> _WHAT YOU SHOULD DO_:
Apart from the pictures, the listing is to be returned exactly.

> _INFORMATION PROVIDED_:
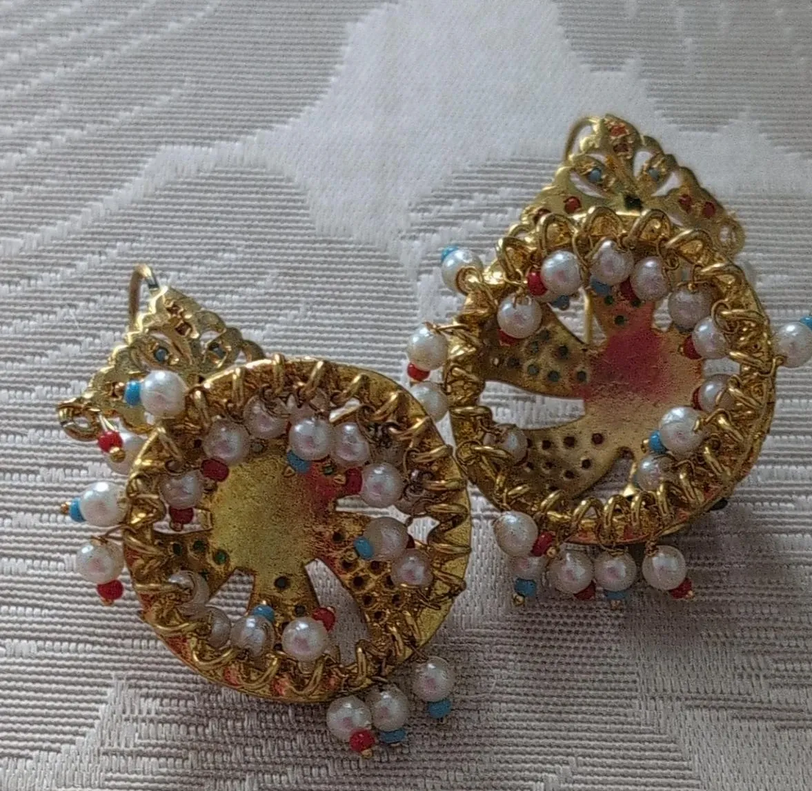 These are a pair of gold-tone earrings with pearl accents. They have a unique design with small red and blue beads adding a pop of colour. They're in great condition and ready to add a touch of elegance to any outfit!
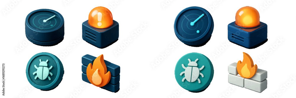 Cybersecurity 3D icon set with firewall, virus bug detection, network scanner, and alert symbols for digital protection and internet safety #1689295273
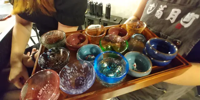 在上清酒前, 可以挑選自己喜愛的清酒杯.

> _WRITTEN RESPONSE_:
 These are a pair of gold-tone earrings with pearl accents. They have a unique design with small red and blue beads adding a pop of colour. They're in great condition and ready to add a touch of elegance to any outfit!
 Cybersecurity 3D icon set with firewall, virus bug detection, network scanner, and alert symbols for digital protection and internet safety #1689295273
 在上清酒前, 可以挑選自己喜愛的清酒杯.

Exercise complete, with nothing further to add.